Compare clinical adverse events after percutaneous intervention with drug-eluting stents (DESs) and coronary artery bypass grafting (CABG) in patients with ESRD.

METHODS

MEDLINE, Web of Science, and Scopus were searched for appropriate studies published in the English language (between January 2000 and August 2013). The pooled odds ratio (OR) was estimated by the Peto method with a random effect model. Data are presented with 95% confidence interval; p<0.05 is significant.

RESULTS

Five observational studies (12,035 DES patients; 6317 CABG) with a follow-up period of 27.4 ± 6.3 months were included.
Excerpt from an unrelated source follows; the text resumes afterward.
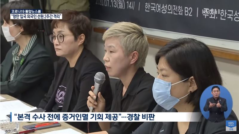 13일 고(故) 박원순 시장의 전 여비서 A씨 측 법률대리인 김재련 변호사(왼쪽 세번째)가 서울 은평구 한국여성의전화 사무실에서 기자회견을 갖고 A씨의 성추행 고소 이유 등에 대해 설명하고 있다. (자료=KBS)

Early mortality (CABG 8% and DES 2.6%) was less in the DES cohort (OR 0.29 [0.14-0.59]; p=0.0006; I(2)=18%). Repeat intervention (DES 29% and CABG 12%) was more likely in the DES cohort (OR 3.72 [2.24-6.18]: p<0.0001). Late mortality (27.4 ± 7.3 months) was comparable in both cohorts (OR 0.72 [0.40-1.29]; p=0.27). While DES cohort (32%) patients suffered a slightly higher incidence of major adverse cardiac and cerebrovascular events (MACCE) as compared to CABG (25%), this was not significant (1.35 [0.72-2.53]; p=0.35; I(2)=30%).

CONCLUSION

Data regarding this topic are limited to small retrospective studies. Early mortality is lower with DESs compared with coronary artery bypass in patients with ESRD. Rate of reintervention is significantly higher in the DES cohort. At a mean pooled follow-up of two years, both mortality and MACCE are comparable in both cohorts.

摘要

背景

终末期肾病(ESRD)患者多支冠状动脉疾病的最佳治疗方案尚未确定。

研究目的

比较ESRD患者接受药物洗脱支架(DES)经皮介入治疗与冠状动脉旁路移植术(CABG)后的临床不良事件。

方法

检索MEDLINE、科学网和Scopus数据库,查找2000年1月至2013年8月期间发表的英文相关研究。采用Peto法和随机效应模型估计合并比值比(OR)。数据以95%置信区间表示;p<0.05具有统计学意义。

结果

纳入5项观察性研究(12035例DES患者;6317例CABG患者),随访期为27.4±6.3个月。DES组的早期死亡率(CABG组为8%,DES组为2.6%)较低(OR 0.29[0.14 - 0.59];p = 0.0006;I² = 18%)。DES组再次干预的可能性更大(DES组为29%,CABG组为12%)(OR 3.72[2.24 - 6.18]:p<0.0001)。两组的晚期死亡率(27.4±7.3个月)相当(OR 0.72[0.40 - 1.29];p = 0.27)。虽然DES组患者发生主要不良心脑血管事件(MACCE)的发生率(32%)略高于CABG组(25%),但差异无统计学意义(1.35[0.72 - 2.53];p = 0.35;I² = 30%)。

结论

关于该主题的数据仅限于小型回顾性研究。与冠状动脉旁路移植术相比,ESRD患者使用DES的早期死亡率较低。DES组再次干预率显著更高。在平均两年的汇总随访中,两组的死亡率和MACCE相当。